*THE PROBLEM:* Keep the wording of every entry exactly as it is while leaving the pictures out of your copy.

*Collected data entries:*
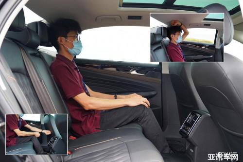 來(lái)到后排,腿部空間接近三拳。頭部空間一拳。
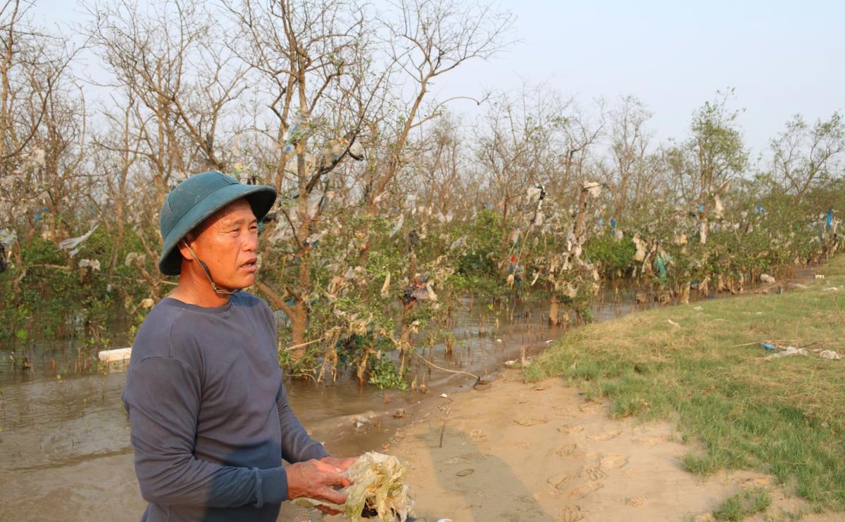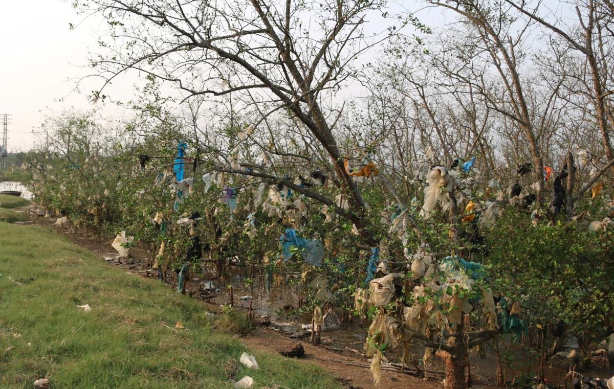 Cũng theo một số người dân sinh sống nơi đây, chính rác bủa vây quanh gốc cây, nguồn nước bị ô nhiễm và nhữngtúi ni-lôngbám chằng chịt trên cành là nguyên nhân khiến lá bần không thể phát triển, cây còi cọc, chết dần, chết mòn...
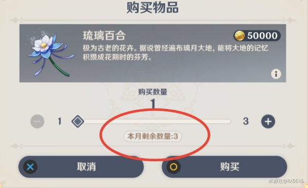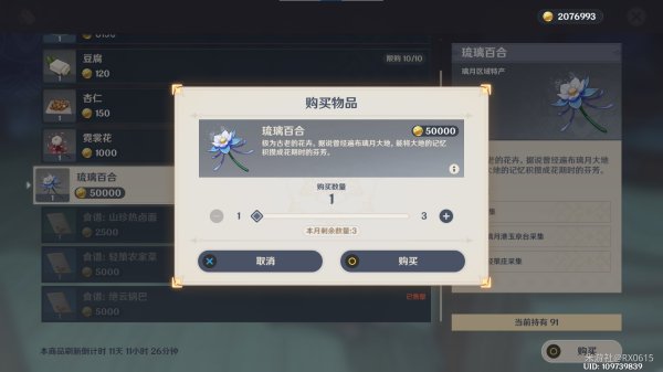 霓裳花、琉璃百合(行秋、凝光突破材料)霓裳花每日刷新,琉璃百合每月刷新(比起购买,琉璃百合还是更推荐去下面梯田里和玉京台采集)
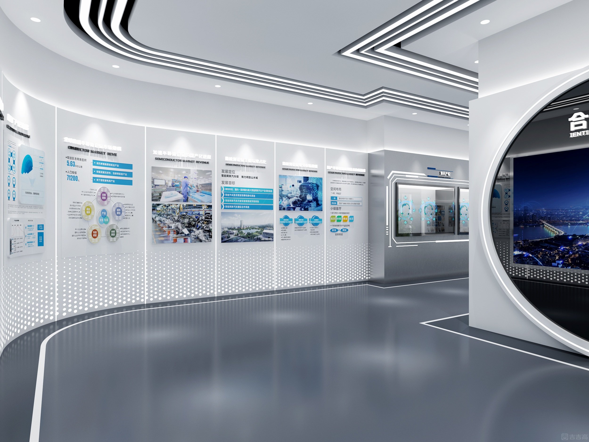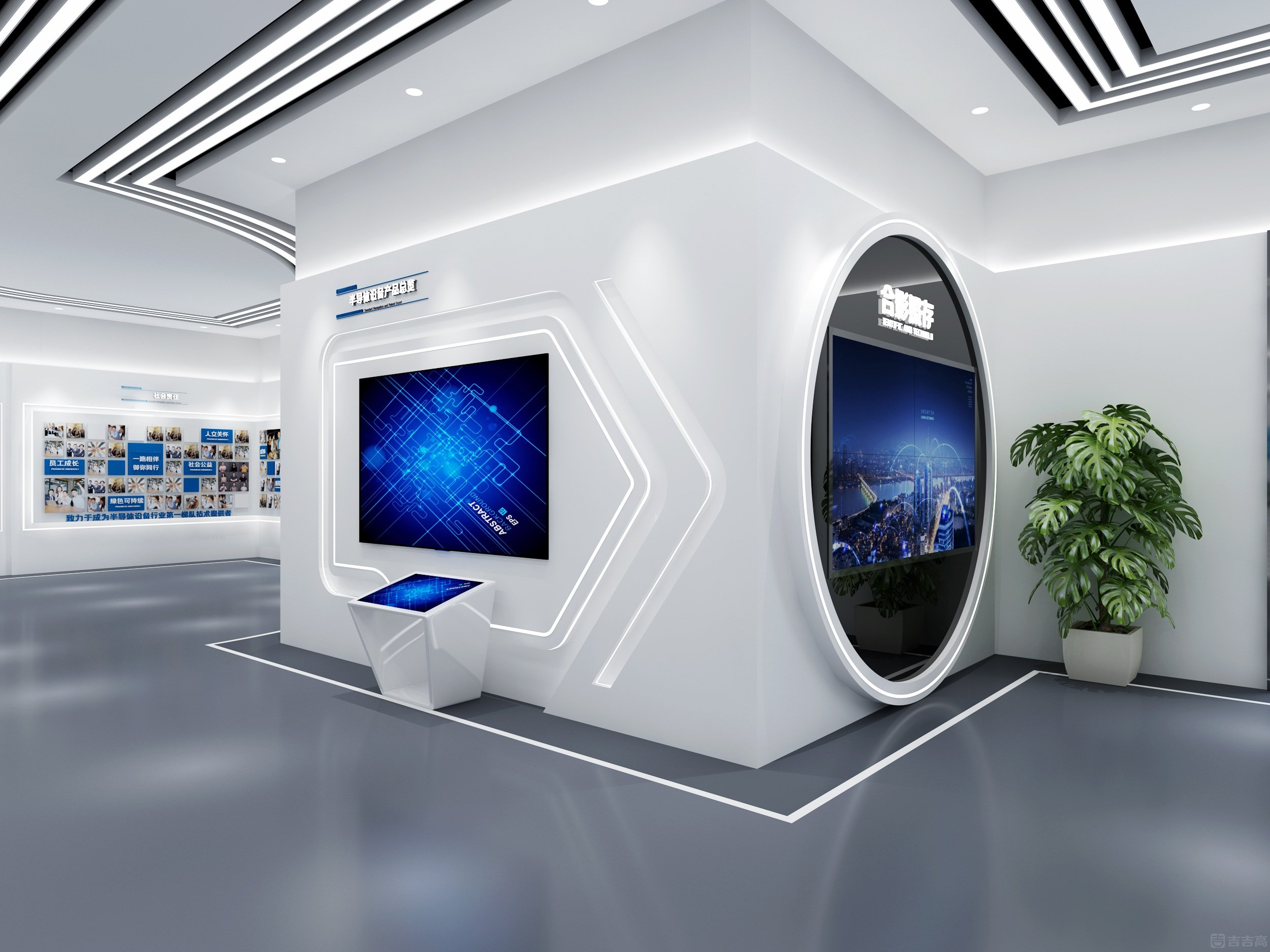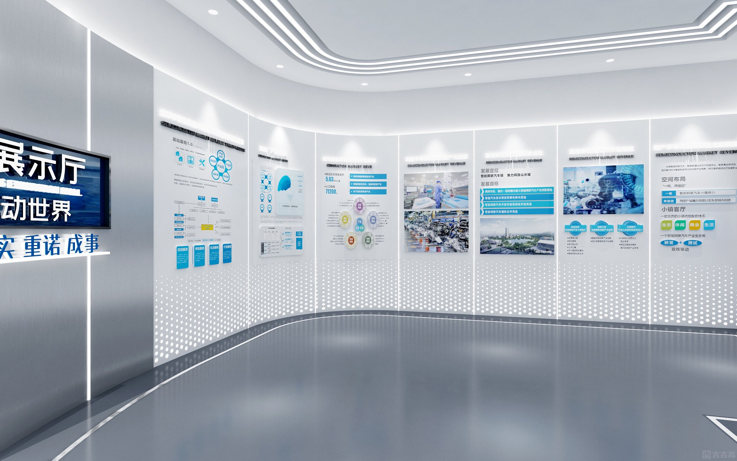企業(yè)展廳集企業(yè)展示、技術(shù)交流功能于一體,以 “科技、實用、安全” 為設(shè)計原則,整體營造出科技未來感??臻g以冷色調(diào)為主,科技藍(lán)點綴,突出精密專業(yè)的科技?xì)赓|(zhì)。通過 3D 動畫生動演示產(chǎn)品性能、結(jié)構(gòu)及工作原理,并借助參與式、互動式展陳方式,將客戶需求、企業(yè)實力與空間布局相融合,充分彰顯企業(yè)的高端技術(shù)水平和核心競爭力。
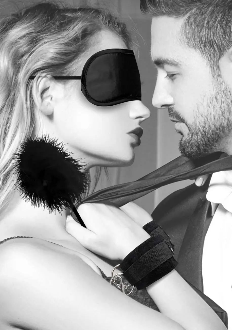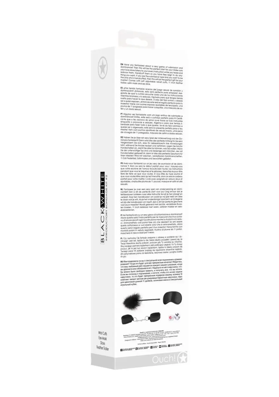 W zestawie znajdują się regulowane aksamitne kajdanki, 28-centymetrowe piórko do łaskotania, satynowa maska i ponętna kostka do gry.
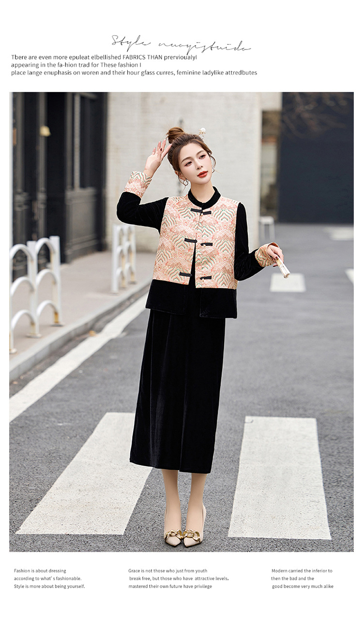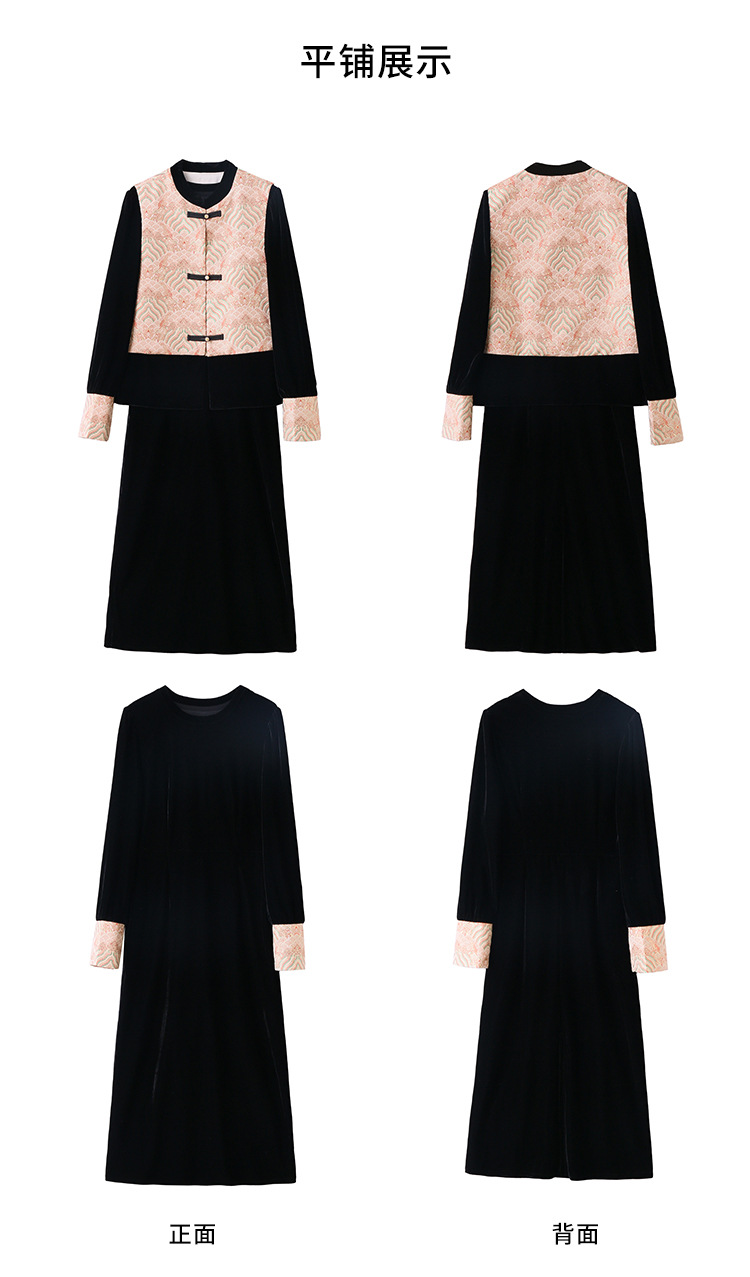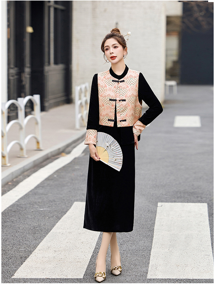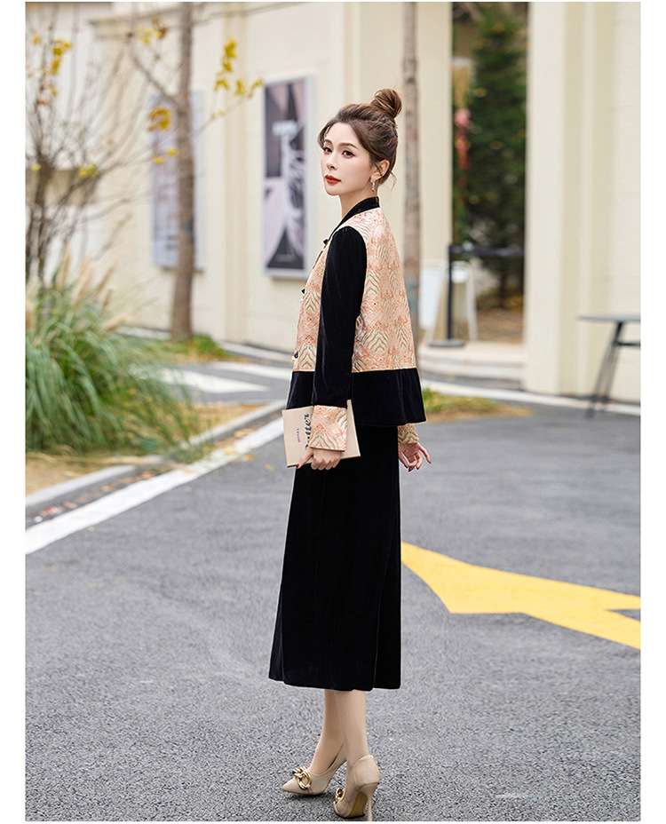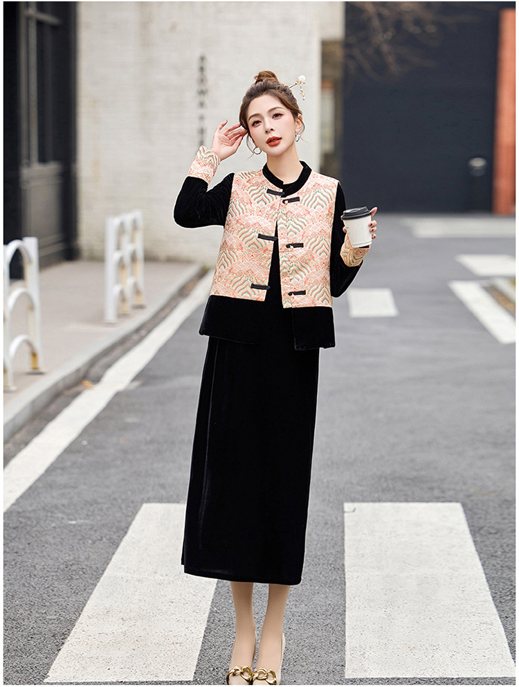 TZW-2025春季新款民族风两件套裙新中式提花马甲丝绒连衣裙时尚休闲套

*ANSWER BELOW:*
 來(lái)到后排,腿部空間接近三拳。頭部空間一拳。
 Cũng theo một số người dân sinh sống nơi đây, chính rác bủa vây quanh gốc cây, nguồn nước bị ô nhiễm và nhữngtúi ni-lôngbám chằng chịt trên cành là nguyên nhân khiến lá bần không thể phát triển, cây còi cọc, chết dần, chết mòn...
 霓裳花、琉璃百合(行秋、凝光突破材料)霓裳花每日刷新,琉璃百合每月刷新(比起购买,琉璃百合还是更推荐去下面梯田里和玉京台采集)
企業(yè)展廳集企業(yè)展示、技術(shù)交流功能于一體,以 “科技、實用、安全” 為設(shè)計原則,整體營造出科技未來感??臻g以冷色調(diào)為主,科技藍(lán)點綴,突出精密專業(yè)的科技?xì)赓|(zhì)。通過 3D 動畫生動演示產(chǎn)品性能、結(jié)構(gòu)及工作原理,并借助參與式、互動式展陳方式,將客戶需求、企業(yè)實力與空間布局相融合,充分彰顯企業(yè)的高端技術(shù)水平和核心競爭力。
 W zestawie znajdują się regulowane aksamitne kajdanki, 28-centymetrowe piórko do łaskotania, satynowa maska i ponętna kostka do gry.
 TZW-2025春季新款民族风两件套裙新中式提花马甲丝绒连衣裙时尚休闲套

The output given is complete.